# Tumbling Dice - video lesson



## maplebaby (Oct 26, 2008)

A classic from the Stones in open G tuning. This is my take on the classic and maybe it may help a bit for anyone interested in covering this great tune. Thanks for taking time to watch! 

http://www.youtube.com/watch?v=xP0eRwCvRRc


----------



## puckhead (Sep 8, 2008)

very cool. I'm trying to wrap my head around more alternate tunings, so 
I'm definitely going to boost your view-count over the next few days :smile:


----------



## jcayer (Mar 25, 2007)

Thanks for the lesson.

Good playing !!!


----------



## maplebaby (Oct 26, 2008)

gentlemen.....sure appreciate you taking time to watch! All the best,
dale


----------



## Gunny (Feb 21, 2006)

Yeah. Well done!


----------



## hollowbody (Jan 15, 2008)

Very nice! I can't wait to go home and slap my Tele into Open G and rock this sucker out!


----------



## bagpipe (Sep 19, 2006)

Nice job on the video. Its amazing how many of those Stones riff appear when you drop into open G tuing. 

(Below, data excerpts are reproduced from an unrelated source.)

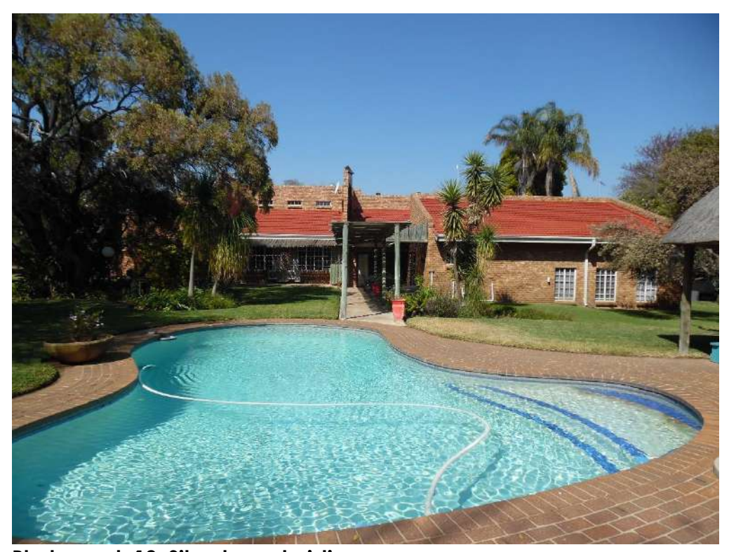
Photograph 12: Site characteristics
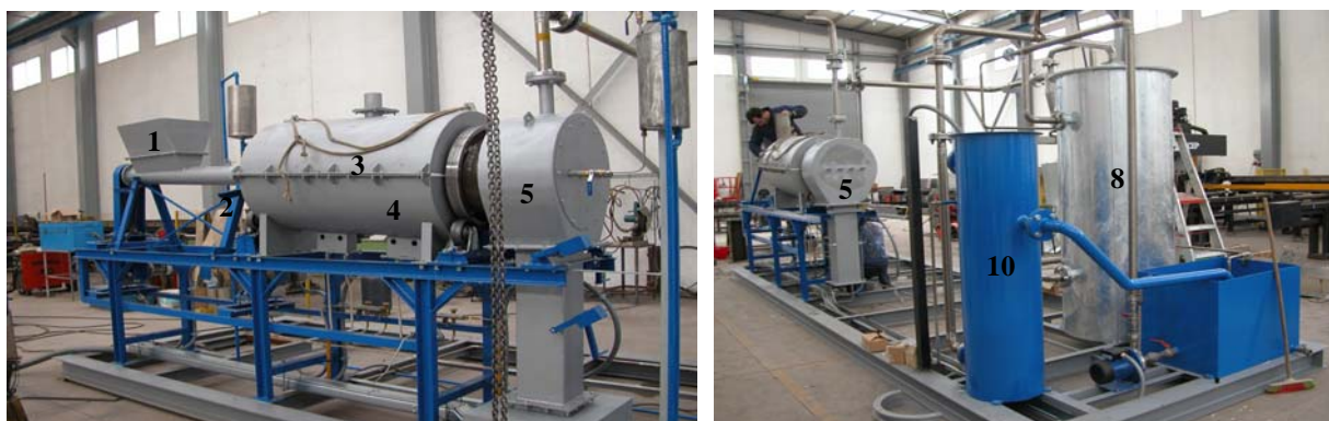
Fig. 2 Photographic views of the pilot plant (numbers are the same as Fig. 1)

jacket; this gas is produced during the plant starting up phase by LPG burners. The reactor internal temperature is maintained at a constant temperature near 500°C by a control system that regulates the flow rate of the gas sent to the burners. The pyrolysis gas coming from the reactor passes through an area of calm, where most of the inert particles and biochar are separated and discharged by means of a double dump valve (system 5 in Fig. 1 and 2). Then the gas is sent to a cyclone separator (6 in Fig. 1 and 2) where the residual solids are separated, after which it is cooled with water by an adiabatic quench system (apparatus 7 in Fig. 1) and purified into a wet scrubber (8 in Fig. 1 and 2); finally, after having passed through a flow device (10 in Fig. 1 and 2), the produced gas comes out to be burned. The conveying of the pyrolysis gas is made by a side channel blower (9 in Fig. 1 and 2) positioned in the process line between the scrubber and the flow device; it is regulated in such a way that the reactor is maintained with a slight depression (3-5 mm of water column).
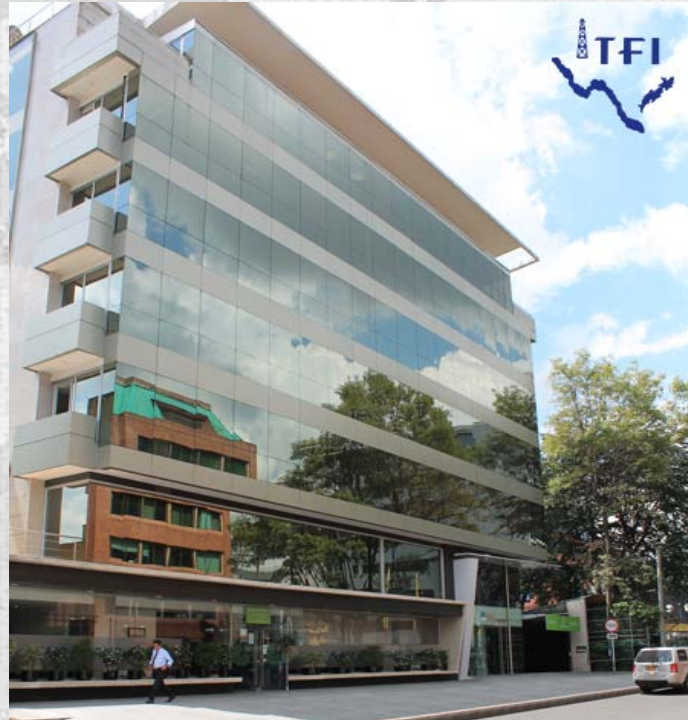
➤ TFI Office in BOGOTA
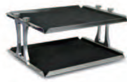
Double Deck Platform PP-4A
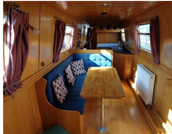
▲ Saloon facing aft
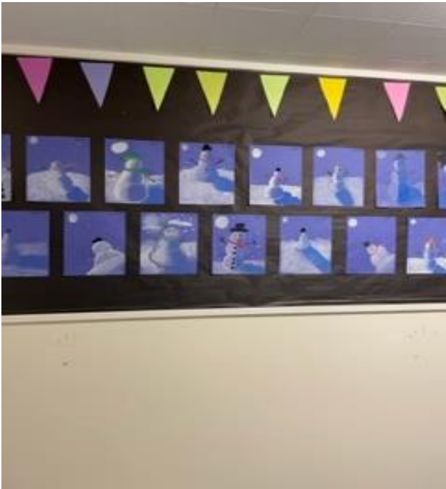
Division 11 – Morrisseau Bears
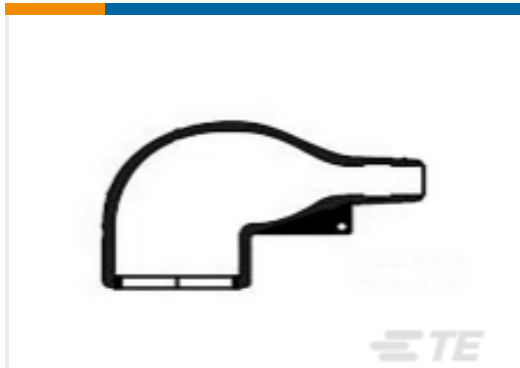
TE Part #EF9981-000 222K121-25L/225-0
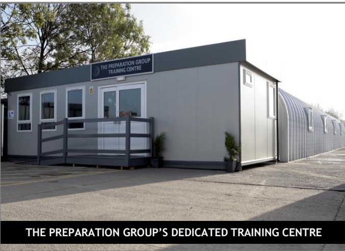
THE PREPARATION GROUP'S DEDICATED TRAINING CENTRE

As a statutory requirement all equipment purchased from The Preparation Group is accompanied by basic operational, maintenance and safety training.
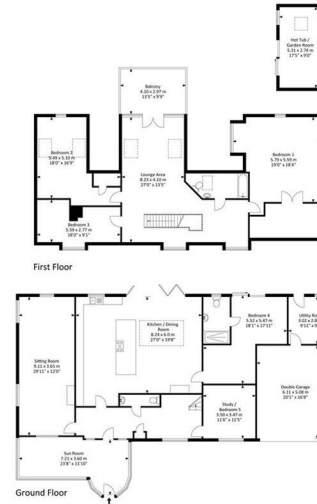
Lyndale, Over Lane, Almondsbury, Bristol, BS324DQ Approx. Area 3842.40 Sq.Ft - 357.0 Sq.M

For illustrative purposes only. Not to scale. Whilst every attempt has been made to ensure accuracy of the floor plan all measurements are approximate and no responsibility is taken for any error, omission or measurement. Floor plan produced by Energy Plus.
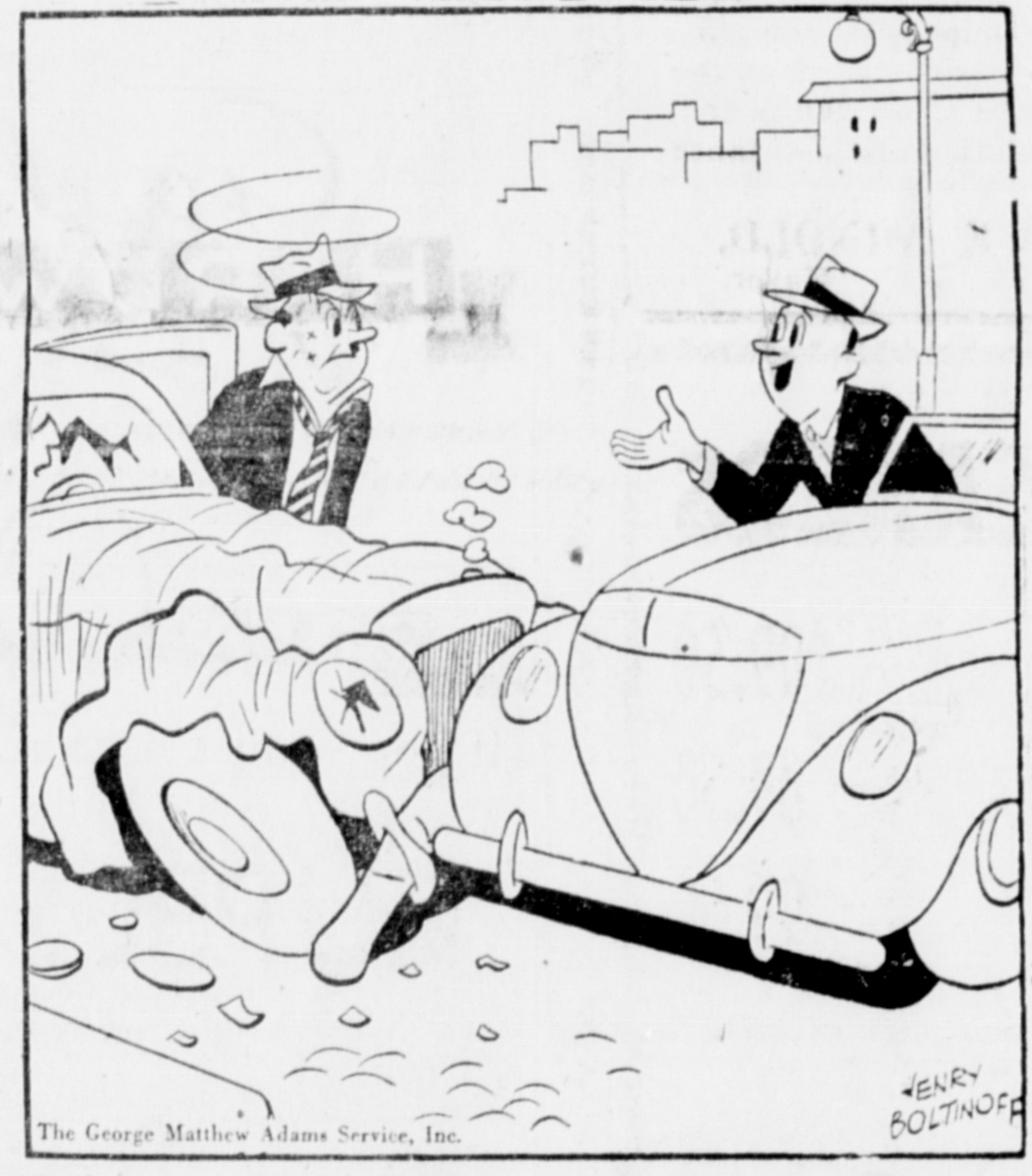
"Well, if it isn't Mr. Plunket! How about that salary raise you promised me?"
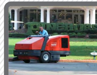
Hotels • Resorts Special Event Venues
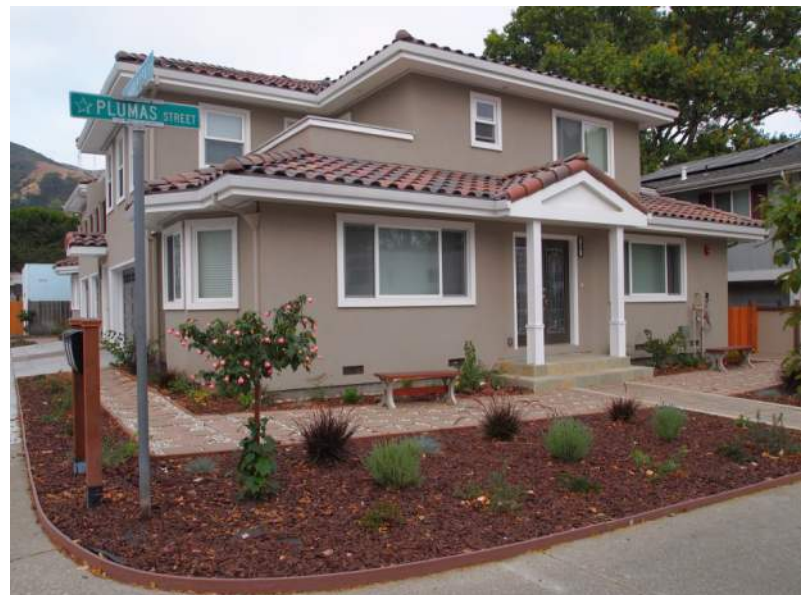
30-50 Mariposa Street Triplex (1991) 25 du/ac

80 Plumas Street, 108 and 118 Mariposa Street Triplex (2016) 26 du/ac
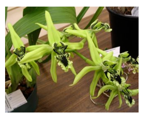
Ceologyne pandurata 'Rio Verde' Randall Takemoto-Hambleton
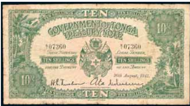
3501* Tonga , Government of Tonga, Treasury Note, ten shillings, 26th August, 1941, B/1 07360 (P.10a). Folds and creases, small central hole, a few small tears in margins, two small stains, very good. $150
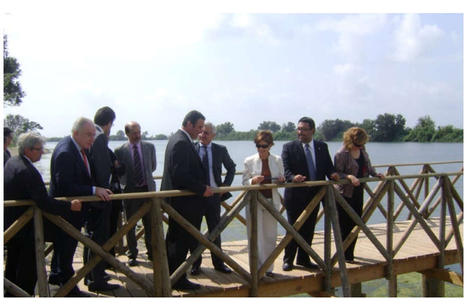
Opening of the Riverside Walk

and 4,492 species of shrubs have been planted.
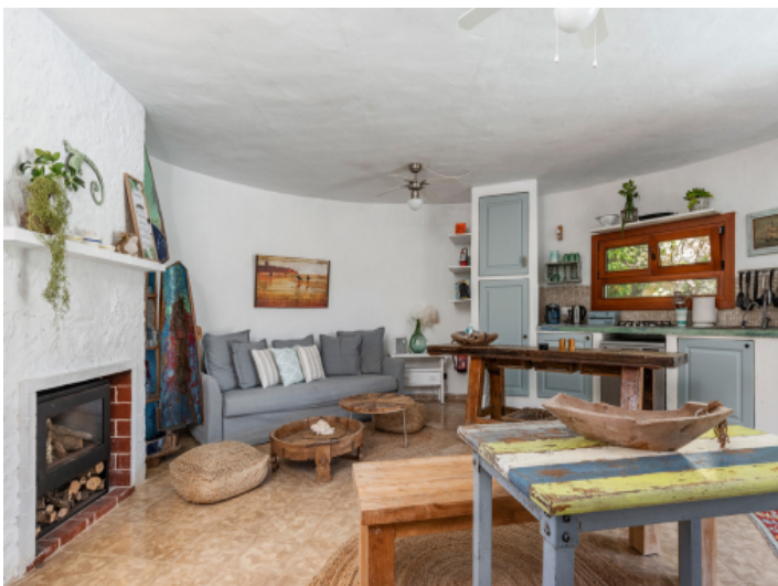
Cozy fire place
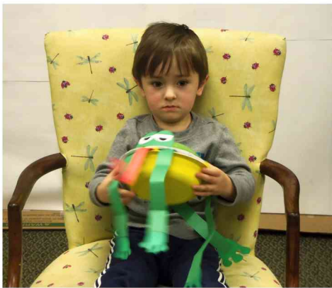
Story Time April 16, 2015
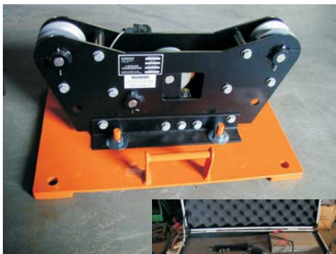
Cable haul Dynamometer to 5T in 1 kg increments with instrument control box
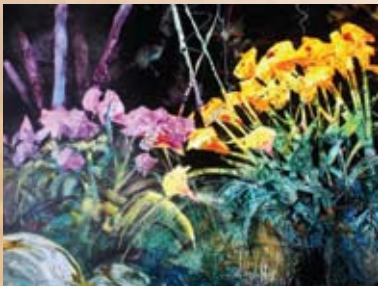
Flowers by Jim Turner

This workshop will give you a variety of ways to approach this new medium YUPO. James will show you how to take advantage of the abstract, flowing 'liquid' look of wet into wet application and experiment with texturing. This surface allows colors to be more intense, giving a stained glass look that is amazing, and makes lifting easy, allowing a push-pull method of composition. He will discuss design and how to go from the crazy accidental abstraction to finished work. He will also help you tame YUPO to do representational work with flattening washes, graded washes and more. Participants can expect to complete two paintings in the three days and just have fun.
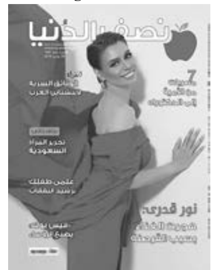
Fig.5. Example of Attractiveness on magazine covers

Opening his hands with a little and serious smile Al Sisi the Egyptian president of Egypt is depicted on the cover of Al Mussawar magazine. He wears a tie and a suit all in blue giving a serious and professional impression.
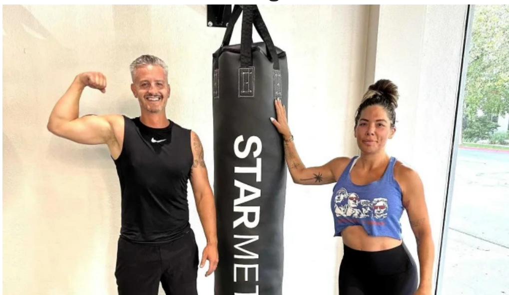
Star method boxing walnut creek
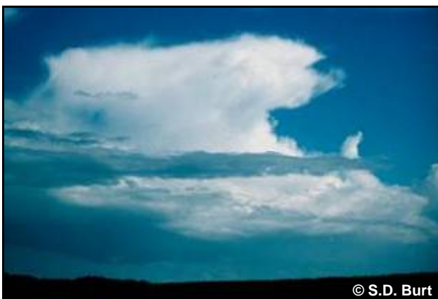
Figure 49. Velum.
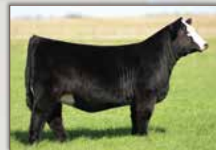
Full sib to Lot 17

With great enthusiasm and pleasure we welcome you to the 2019 edition of Dream Works! The opportunity to do business with one of the truly great beef cattle families is yours for the taking on December 6th.
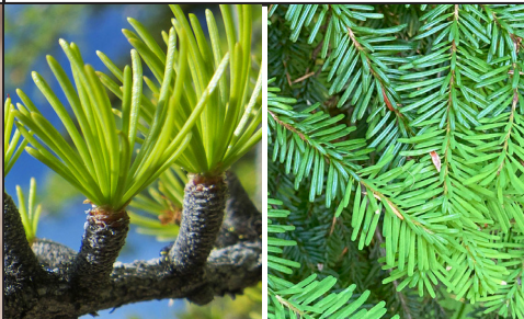
Twig with needles Needle may be bunched or single, running down the stem.
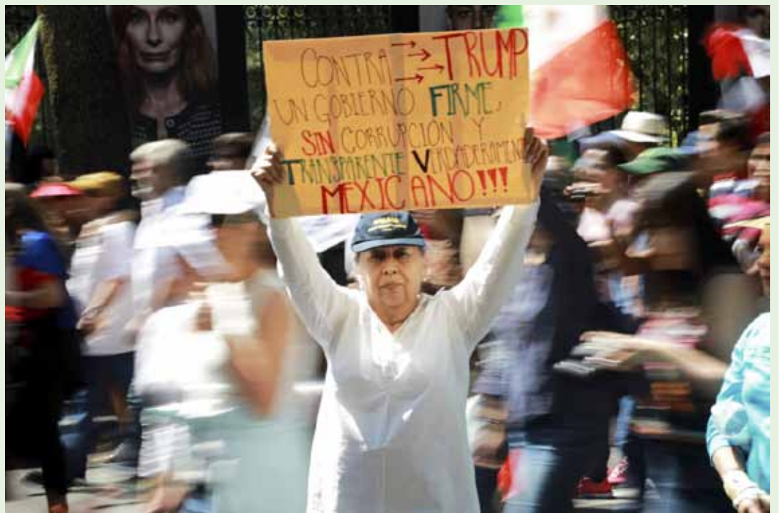
A woman holds up a banner that reads in Spanish: "Against Trump", during a march demanding respect for Mexico and its migrants, in the face of perceived hostility from the administration of U.S. President Donald Trump, in Mexico City, Sunday, February 12, 2017.

Smaller marches were held in other Mexican cities Sunday.
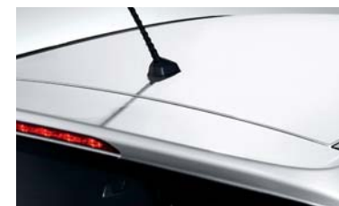
• Rear view camera • Micro roof antenna
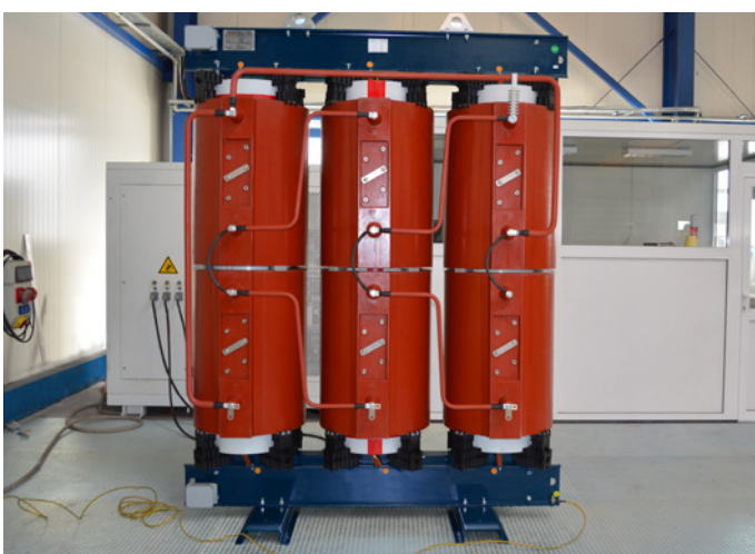
■ 1600 kVA-insulation class 36 kV-12-Pulse converter transformer manufactured for power supply of large generator in order to guarantee significant reduction of the harmonic distortion, generated on the power line. Installation place: Germany

We offer a wide range of customised solutions to meet our customers' requirements, and we are always at our client's disposal to assist with technical challenges. See some of our special units below.
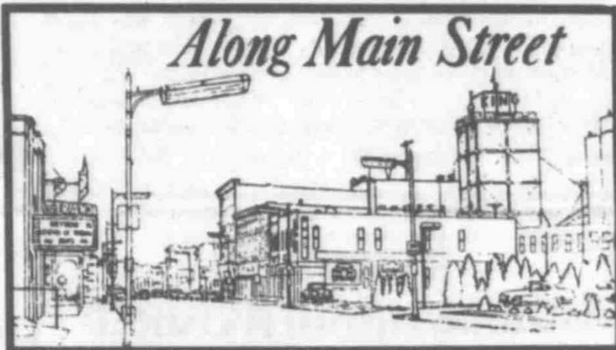
Along Main Street
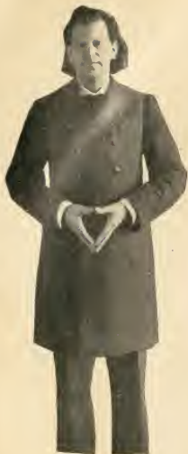
Put your hands together thus.
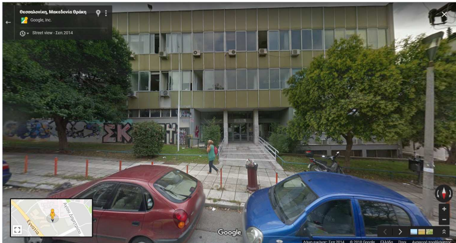
Façade of the Laboratory of Hydraulics
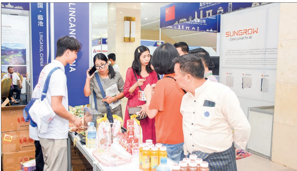
The second day of the Myanmar (Nay Pyi Taw)-China (Lancang) Trade Fair in progress yesterday.
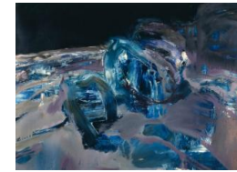
Title: Burren Nights (A Special Place) Date: 1989 Primary Maker: Cooke, Barrie Medium: Oil on canvas
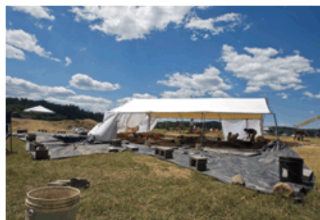
The Berry site, where archaeologists have been excavating since 2001, is the only known outpost from the expeditions of Spanish captain Juan Pardo, who followed the route established decades earlier by explorer Hernando de Soto.

It's early in the hills of western North Carolina and the mist is just starting to burn away. I follow a winding dirt road surrounded by Christmas trees--raised here for shipment all over the country--and then veer off to the site of a 16th-century European outpost far from the coast, only miles from where my English ancestors settled hundreds of years later. Not much larger than a baseball diamond, it is the earliest inland European settlement discovered in the southeastern United States. But it's not English. It's Spanish, and in a place that, until recently, few thought they had reached.
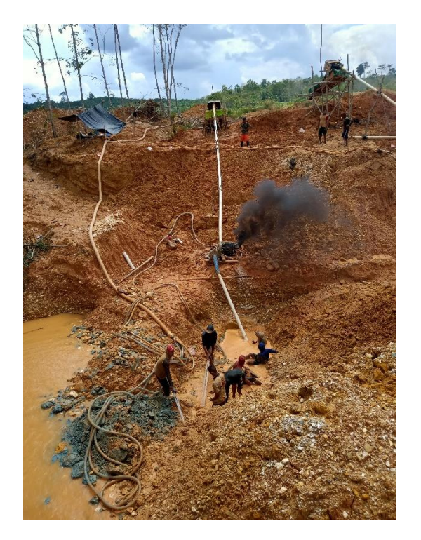
Figure 3. Traditional machine in Sarolangun ASGM

Since 2000, the local communities of mining engineering have improved using traditional machine and hydraulic system. This technology is proven to produce more gold than the others traditional technologies. The conventional machine is used as an alluvial exploitation tool. Besides that, to determine areas that have potential gold reserves, also use a conventional machine such as hydraulic and wallet ( Dompeng in traditional term). The traditional machine commonly used in the Limun sub-district is a traditional machine about 4 to 6 inches.

I remember reading that Keith Richards got that tuning from Ry Cooder while recording some of the early Stones records. He certainly put his own mark on it after that.


----------



## maplebaby (Oct 26, 2008)

open G on the tele sure do work! Yea Keef has just laid down some classics for sure. Got a few miles on him these days....a lot of gigs under the bridge!

thanks all for watching,
dale


----------



## billdraper (Oct 28, 2008)

*Thanks!*

The early Stones were 60's influenced by American blues...acoustic blues as well...so its great to see this video and music played on a guitar that is modelled after old blues acoustic guitars like the Gibson L-OO, and it works very well! The Collings sounds and looks great. I like the sustain and projection demonstrated on that first slide up and down and pull off...one strum and fret hand does the rest. You look like you are holding a pick...but I can't see it so I'm guessing not.

I have a 1940 sunburst Kalamazoo ladder braced and it does ok on this song...fact is it's liking me for playing this one...lol.

Thanks!!!

Bill


----------



## Rhythmeister (May 17, 2006)

Hi Dale,

Just want to say that I really appreciate and enjoy your You Tube postings! Great playing and helpful lessons.

All the best,

Blair


----------



## maplebaby (Oct 26, 2008)

hello gentlemen! really appreciate you taking your time to give this a listen.

Bill - sounds like a sweet guitar! I really appreciate you kind feedback.

Blair - thanks for the kind words!

hope all is good,
dale


----------